Your thoughts on these otherwise beautiful and lovely machines is appreciated. Cheers.


----------



## audinut!$ (Nov 18, 2002)

*Re: Honestly...your thoughts (stockeasyvr6)*

That cost on brake discs only applies if it still has the UFO rotors.


----------



## 200TeeCue (Jul 13, 2002)

*Re: Honestly...your thoughts (audinut!$)*

Yeah, I believe that it does...but can they be swapped out, for say S4 brakes or another 200 or something? Thanks, I think I'm definitely going to trade.

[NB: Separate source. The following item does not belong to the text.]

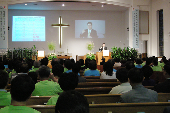 | ▲장학준 목사는 1년에 한 성도가 한 명만 제자화하면 16년째는 65,536명의 제자가 생긴다고 전했다. | |

I've never had a four-door, and never had quattro...the sin!


----------



## billzcat1 (Sep 10, 2001)

*Re: Honestly...your thoughts (stockeasyvr6)*

Yes, you need to swap the whole strut from a G60-equipped car. Applicable cars include other G60 200s, G60-converted V8 quattros, and 92-94 S4/95-97 S6. Or go with a UFO-strut big brake kit from someone like http://www.bira.org (although their products are good, I no longer feel proud to support that organization)


----------



## 200TeeCue (Jul 13, 2002)

*Re: Honestly...your thoughts (billzcat1)*

Thanks for the tip.


----------



## StormChaser (Jan 3, 2000)

*Re: Honestly...your thoughts (stockeasyvr6)*

Are you saying it would be an even trade? If so, you'd be getting a really good deal. Your CGT is worth around $2,000 and a 1991 20VTq is worth at least 3 times that amount...


----------



## metaldaze (Mar 30, 2004)

*Re: Honestly...your thoughts (stockeasyvr6)*

If you are still waiting to trade do it now!
The 1991 200tq is a rare animal in canada the car can't be imported and what you get is a 227 horse beast and you can make it a hell of a lot faster if you want.Buy it and mod it you will not be sorry.


----------



## 200TeeCue (Jul 13, 2002)

*Re: Honestly...your thoughts (metaldaze)*

Yup, it's an even trade, happening this coming Saturday morning. The 20vt has 193k on it, but it's been well maintained, a lot of recent work and besides 3 minor but noticeable dings it's really clean. I guess I'm taking this to Carlisle Saturday instead of the CGT as I had planned! I'm getting really anxious for it, too...who wouldn't?


----------



## StormChaser (Jan 3, 2000)

*Re: Honestly...your thoughts (stockeasyvr6)*

...very cool, I'll get to see it the first day you have it?! http://****************.com/smile/emthup.gif Oh, you should contact Carlisleand tell them you want to change the car you will be showing..,.


----------



## 200TeeCue (Jul 13, 2002)

*Re: Honestly...your thoughts (duandcc)*

Good point, although I don't know if it'll be show-ready on Saturday. I'd prefer to clean it up and what not. But I'll be there regardless!
Oh, I'm looking forward to meeting you, Dave-and the other guys that'll be there. See you in a few! http://****************.com/smile/emthup.gif


----------



## StormChaser (Jan 3, 2000)

*Re: Honestly...your thoughts (stockeasyvr6)*

Basically none of the cars in our group are "show ready" cars...it's jsut for the fun of it. We even have a couple of total rust buckets showing up...so bring the 20V!


----------